19 janvier 2017 / 08:04 / il y a 10 mois

Les majors pétrolières relancent leur croissance externe

* Pour plus de $30 mds d‘opérations signées depuis fin novembre

* Confiance dans la remontée des cours du brut

* L‘Europe de l‘Est, l‘Amérique latine, l‘Afrique ciblées

* Graphique sur les M&A dans le secteur en 2016: tmsnrt.rs/2jv9If6

* tmsnrt.rs/2iAoKkw

par Ron Bousso

LONDRES, 19 janvier (Reuters) - Les majors pétrolières renouent avec les acquisitions après deux années d‘abstinence, ciblant de petites compagnies spécialisées dans l‘exploration et le développement de gisements afin d‘accroître leurs réserves et d‘assurer leur production future.

Les méga-fusions qui avaient précédé le retournement du marché pétrolier à la mi-2014 n‘ont en revanche plus le vent en poupe.

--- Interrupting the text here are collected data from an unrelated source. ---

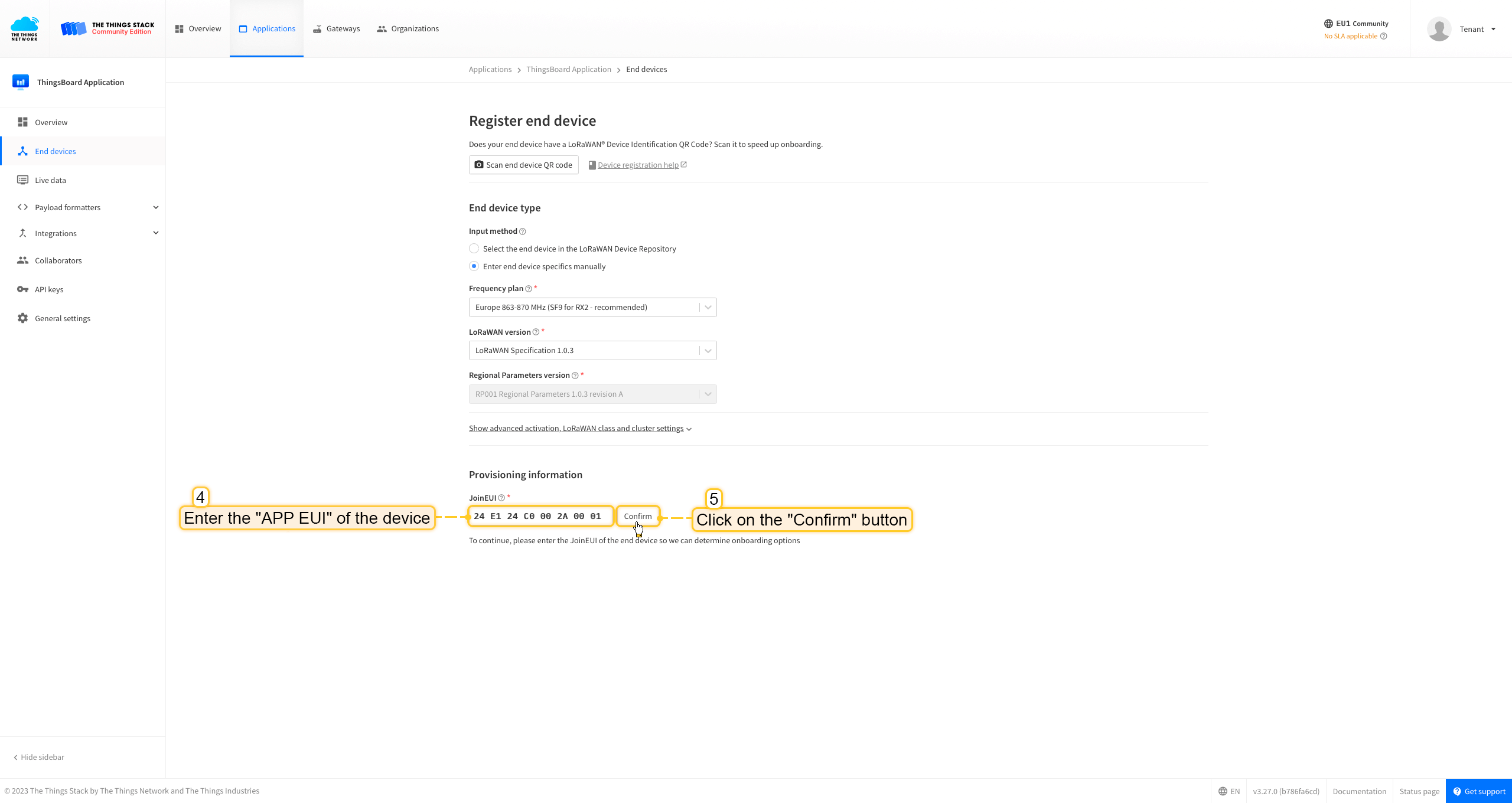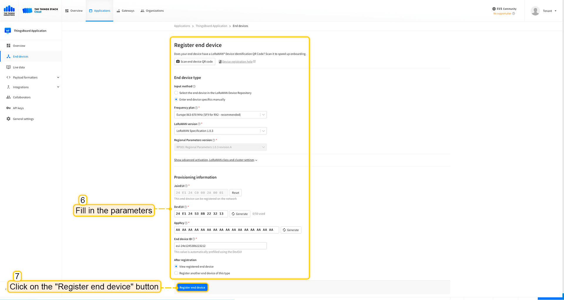 Add a device on The Things IndustriesWe need to add a device on The Things Industries cloud. To add a device, you can follow next steps:
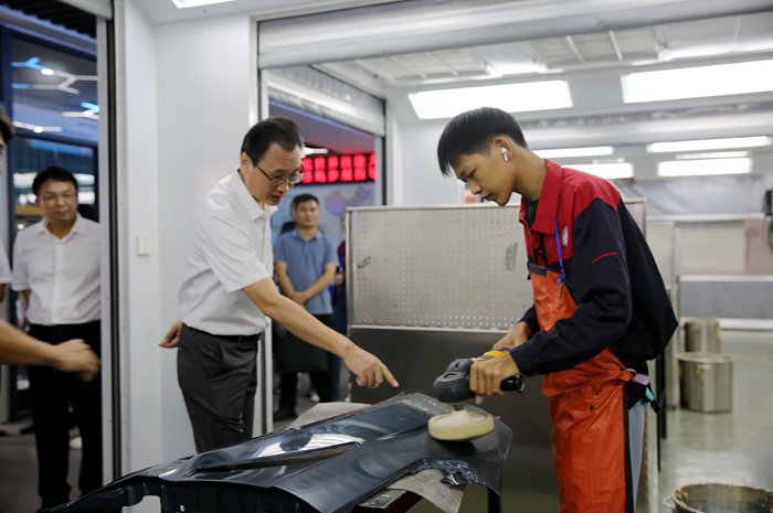 開幕式後,與會領導一行在學院領導的陪同下參觀了大賽比賽工位、飛機維修實訓基地、汽車(chē)噴(pēn)漆世賽基地、汽車技術世賽基地等實訓場所。
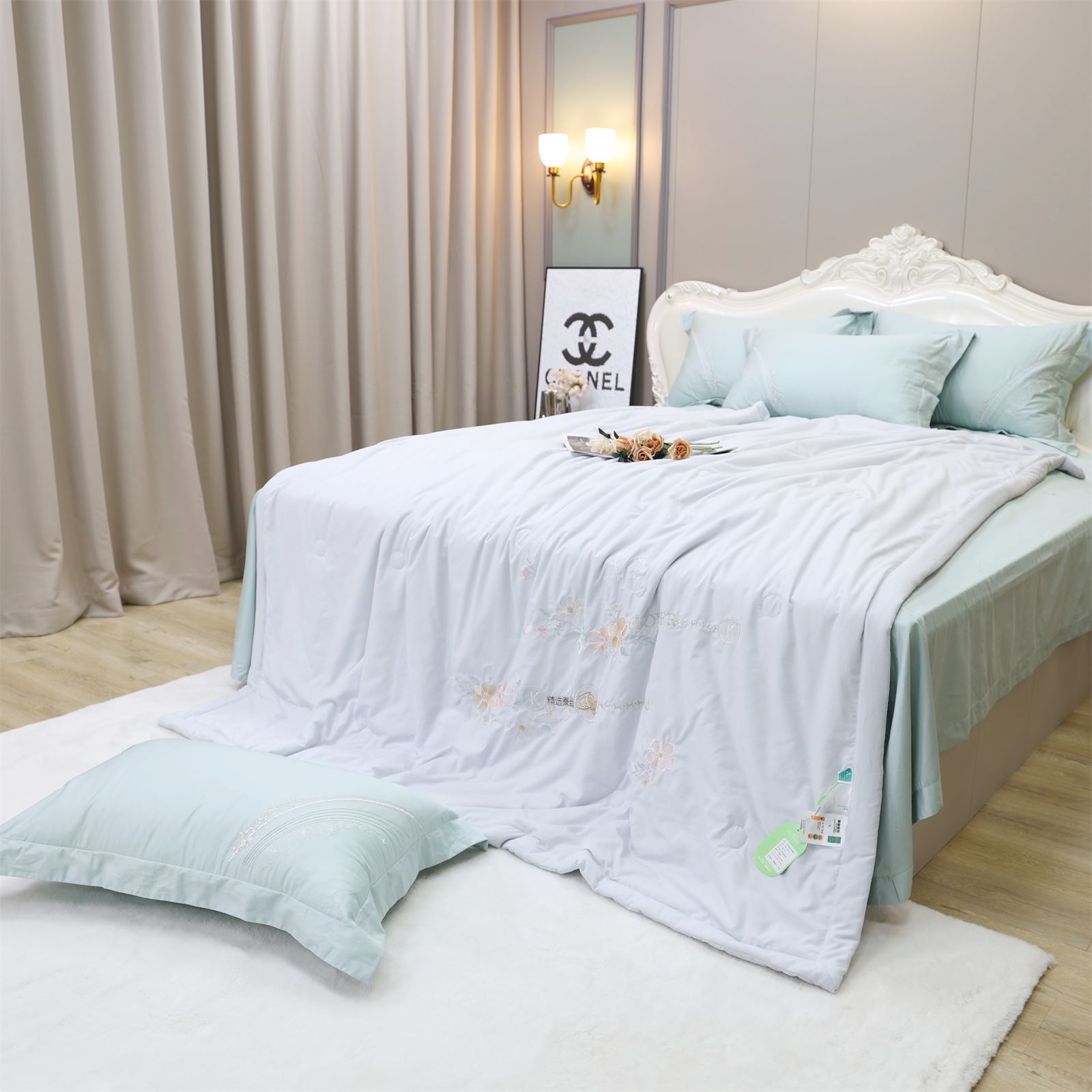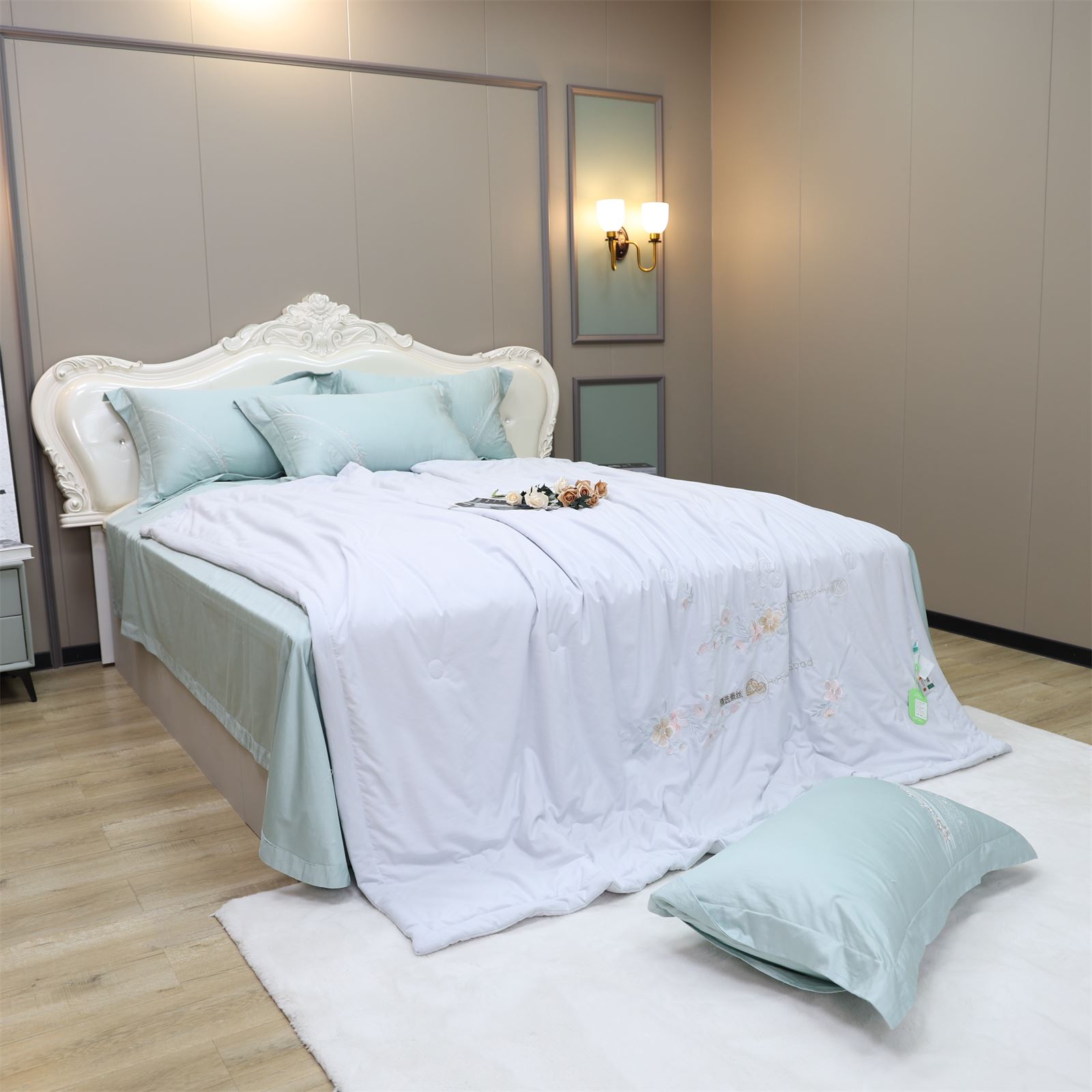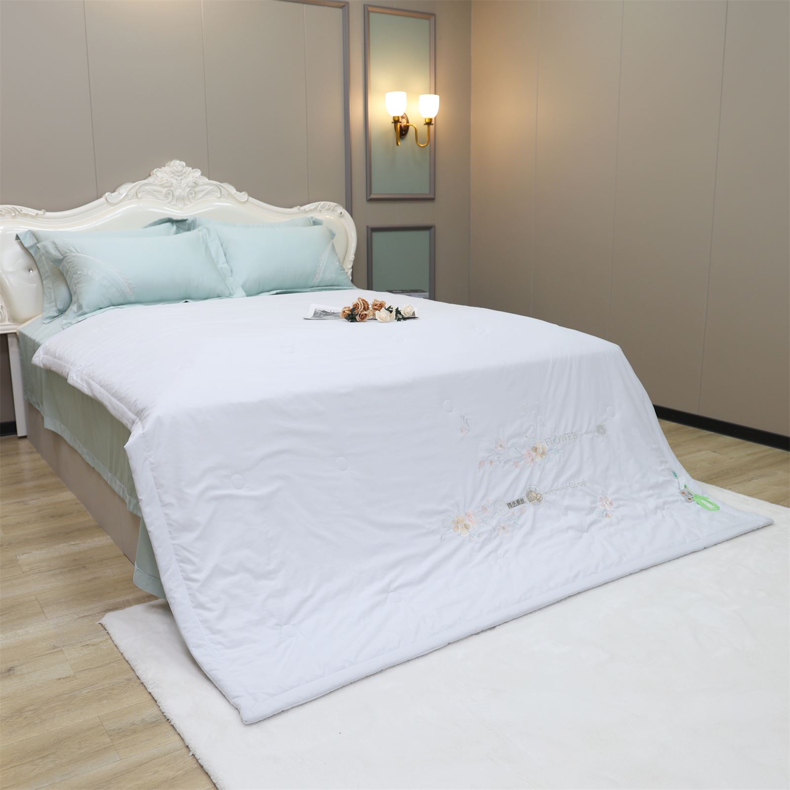 D-78奶小冻 绣花护肤夏被(远天蓝)

Depuis fin novembre, les conseils d‘administration des grands acteurs du secteur, de BP à Total, ont approuvé pour plus de 30 milliards de dollars (28 milliards d‘euros) de fusions et acquisitions en Afrique, en Amérique latine et en Europe de l‘Est, signe de leur confiance dans la reprise après la chute de plus de 75% des cours du brut entre la mi-2014 et le début 2016.

Les dirigeants des majors vont toutefois devoir trouver le bon équilibre entre leurs promesses de désendettement et de maintien des dividendes d‘une part et leur volonté de reconstituer leurs réserves en achetant des actifs à des prix encore avantageux d‘autre part.

Au cours des dernières semaines, BP a annoncé une série d‘opérations, parmi lesquelles un investissement d‘un milliard de dollars en Mauritanie et au Sénégal, en partenariat avec l‘américain Kosmos Energy, dans la foulée d‘autres acquisitions à Abou Dhabi et en Azerbaïdjan.

BP et le géant russe Rosneft ont pris d‘importantes participations dans le gisement gazier Zohr d‘Eni en Egypte, le plus gros jamais découvert en Méditerranée.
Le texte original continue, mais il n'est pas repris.